■ **Try it**
Each line of data below is to be returned exactly, leaving out any picture.

■ **Data provided**
======

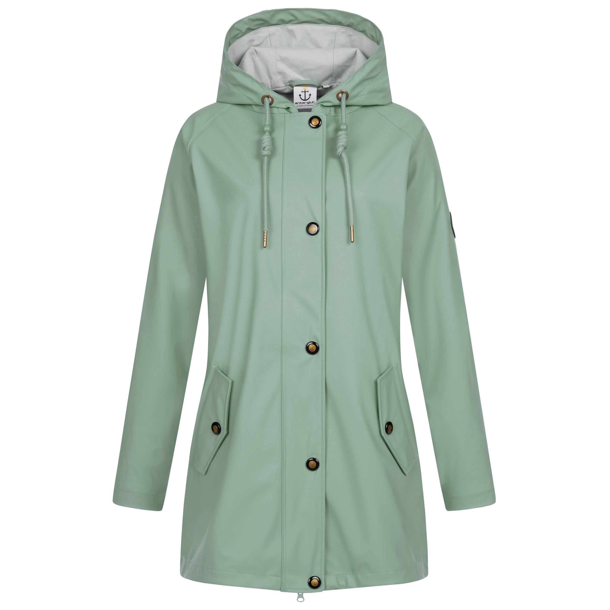 Hier kommt Farbe ins Spiel! Denn mit unserer ANKERGLUT Regenjacke "Ankergluthimmel" wird jeder Regentag zum farbenfrohen Glückstag. Die maritime Regenjacke im klassischen Stil eines Friesennerzes bietet eine attraktive Farbpalette für jede Stimmung. Das wasserdichte Außenmaterial ist an den Nähten verschweißt und bietet verlässlichen Regenschutz. Die Innenseite ist mit einem herrlich soften Jerseyfutter ausgestattet und sorgt für ein angenehmes Tragegefühl. Dank Taftfutter in den Ärmeln gleitest du ganz einfach in die Jacke, ohne dass Ärmel von Bluse oder Pullover nach oben rutschen. Der untere Teil des Ärmels ist ebenfalls mit dem Jerseyfutter versehen, wodurch du diesen umschlagen kannst. Damit erhält deine neue Lieblingsjacke einen ganz besonderen Akzent, den du garantiert lieben wirst. Die Kapuze ist mit einer Kordel versehen. Der Reißverschluss kann in beide Richtungen geöffnet werden. Zusätzlich wird er von einer Windschutzblende geschützt. Die beiden äußeren Eingrifftaschen können mit Druckknopf verschlossen werden. Eine innenliegende Brusttasche bietet ausreichend Platz für ein Smartphone. Die Weite der figurumspielenden Jacke kann mit einem elastischen Kordelzug am unteren Saum reguliert werden.
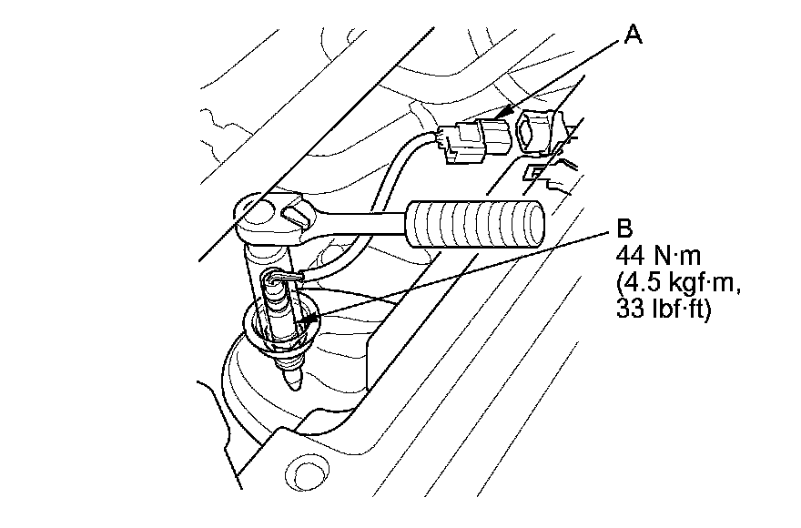 1. Disconnect the A/F sensor 4P connector (A), then remove the A/F sensor (B).
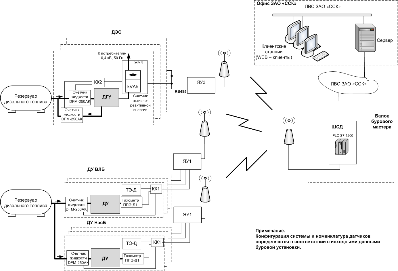 Основные виды технологического оборудования, подключенные к системе:

======

■ **Answer box**
 Hier kommt Farbe ins Spiel! Denn mit unserer ANKERGLUT Regenjacke "Ankergluthimmel" wird jeder Regentag zum farbenfrohen Glückstag. Die maritime Regenjacke im klassischen Stil eines Friesennerzes bietet eine attraktive Farbpalette für jede Stimmung. Das wasserdichte Außenmaterial ist an den Nähten verschweißt und bietet verlässlichen Regenschutz. Die Innenseite ist mit einem herrlich soften Jerseyfutter ausgestattet und sorgt für ein angenehmes Tragegefühl. Dank Taftfutter in den Ärmeln gleitest du ganz einfach in die Jacke, ohne dass Ärmel von Bluse oder Pullover nach oben rutschen. Der untere Teil des Ärmels ist ebenfalls mit dem Jerseyfutter versehen, wodurch du diesen umschlagen kannst. Damit erhält deine neue Lieblingsjacke einen ganz besonderen Akzent, den du garantiert lieben wirst. Die Kapuze ist mit einer Kordel versehen. Der Reißverschluss kann in beide Richtungen geöffnet werden. Zusätzlich wird er von einer Windschutzblende geschützt. Die beiden äußeren Eingrifftaschen können mit Druckknopf verschlossen werden. Eine innenliegende Brusttasche bietet ausreichend Platz für ein Smartphone. Die Weite der figurumspielenden Jacke kann mit einem elastischen Kordelzug am unteren Saum reguliert werden.
 1. Disconnect the A/F sensor 4P connector (A), then remove the A/F sensor (B).
 Основные виды технологического оборудования, подключенные к системе:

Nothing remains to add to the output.